HOW TO COMPLETE THIS TASK: From the first line of the entries down to the line with "Zajednički kalendar hrvatskih", write out every line exactly; that last line counts, but pictures do not.

Stored data
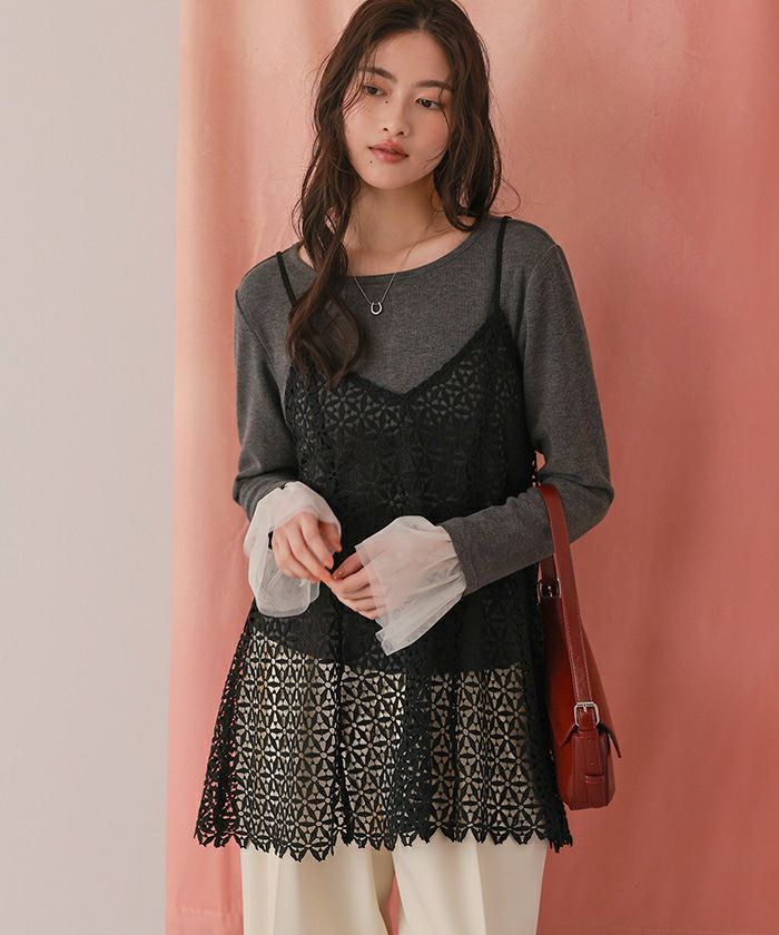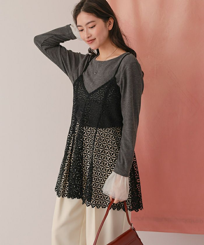 ・花柄レースを贅沢に使った、大人フェミニンなチュニックキャミソール
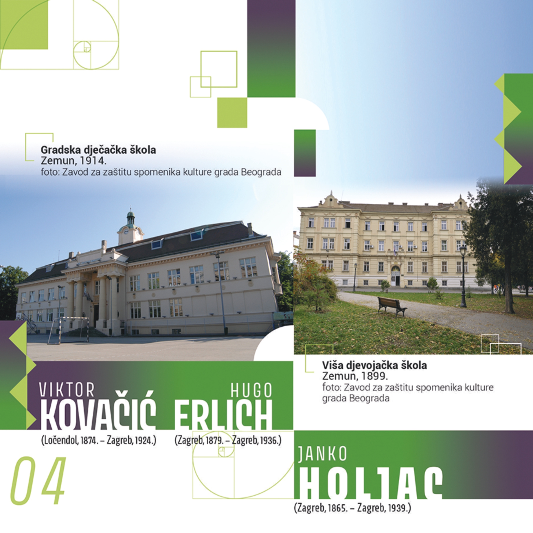 Zajednički kalendar hrvatskih manjinskih institucija u Srbiji za 2026. godinu prikazuje odabrana djela hrvatskih arhitekata u Srbiji. Mjesec travanj predstavljaju dva objekta u Zemunu, Viša djevojačka škola (današnja OŠ Majka Jugovića) i Gradska dječačka škola (danas OŠ Svetozar Miletić).
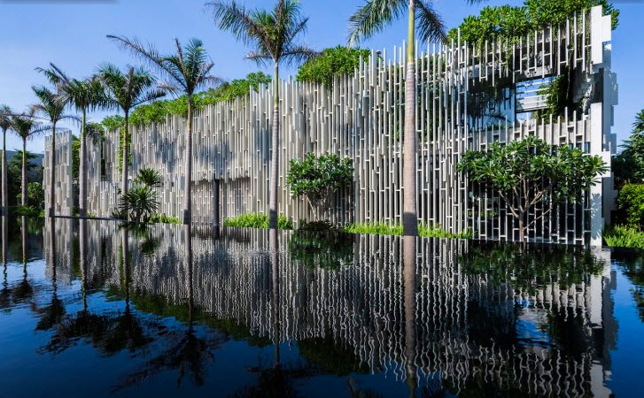 Bên ngoài của khu nghỉ mát hiện đại này là một lớp thiết kế tường đặc biệt để phù hợp với khí hậu nhiệt đới ở Đà Nẵng – một thành phố phải chống chội với mùa hè nắng nóng và độ ẩm cao quanh năm. Theo đó, lớp tường ngoài màu trắng được xây dựng theo dạng xếp lớp vảy tạo nên những ô tản nhiệt. Qua đó, không khí bên trong và bên ngoài luôn được trao đổi qua lại trong suốt cả ngày.
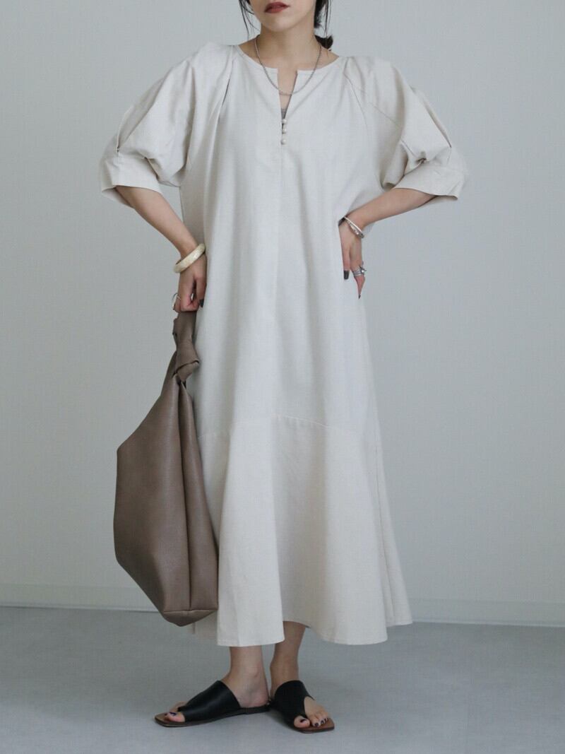ロング サマー 夏物 Vネック パール 真珠 ソリッドカラー JPLS22393241703
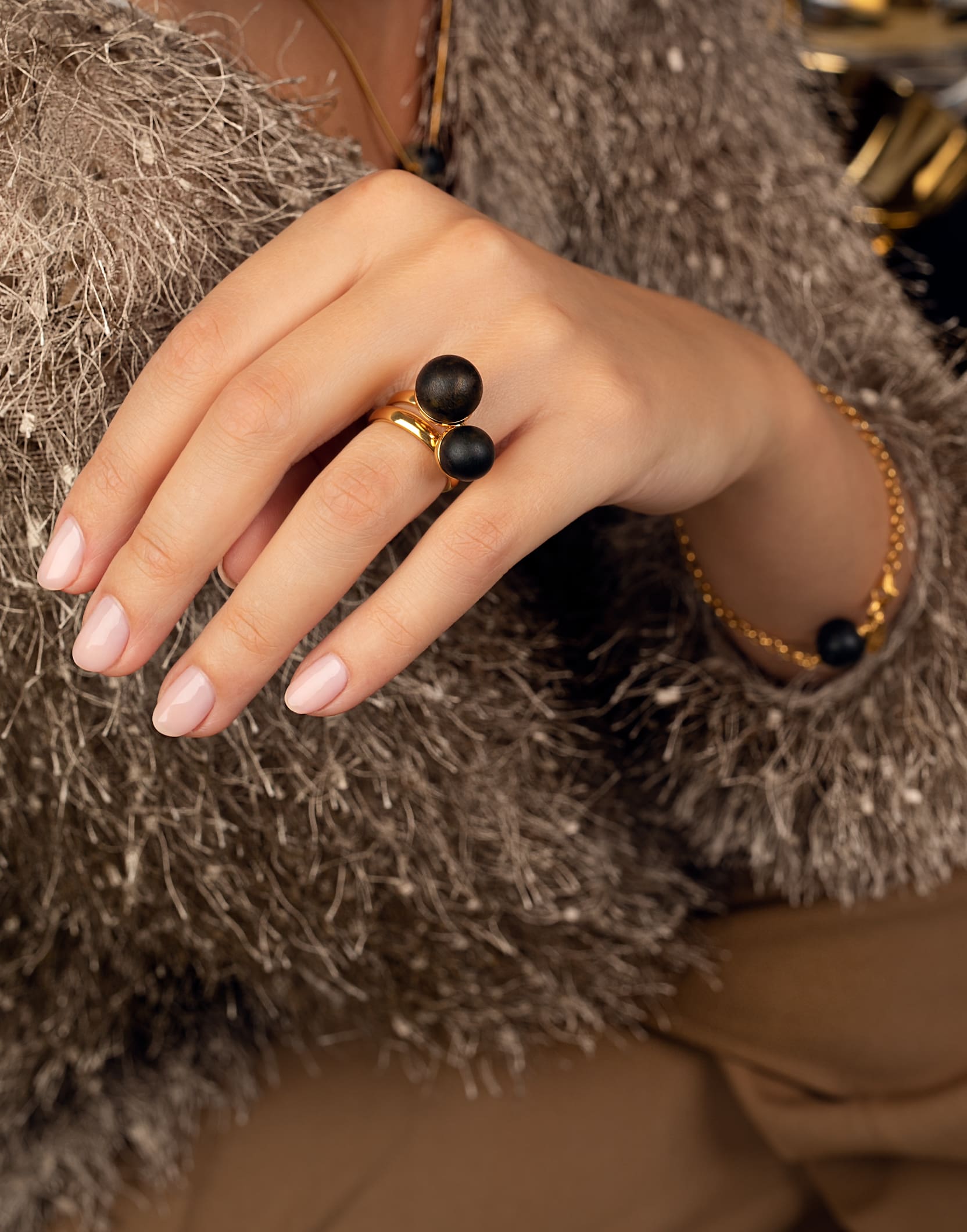 Juodojo gintaro ir 24K auksu dengto sidabro papuošalų rinkinys GOLDEN NERO – tai subtilus akcentas, kuris įvaizdžiui suteikia ramios elegancijos. Auskarai su matinio paviršiaus juoduoju gintaru puikiai dera tiek šventinėse, tiek jaukiose kasdienybės situacijose. Apvalus, patogus užsegimas leidžia mėgautis jų lengvumu be jokio diskomforto.

TASK OUTPUT:
 ・花柄レースを贅沢に使った、大人フェミニンなチュニックキャミソール
 Zajednički kalendar hrvatskih manjinskih institucija u Srbiji za 2026. godinu prikazuje odabrana djela hrvatskih arhitekata u Srbiji. Mjesec travanj predstavljaju dva objekta u Zemunu, Viša djevojačka škola (današnja OŠ Majka Jugovića) i Gradska dječačka škola (danas OŠ Svetozar Miletić).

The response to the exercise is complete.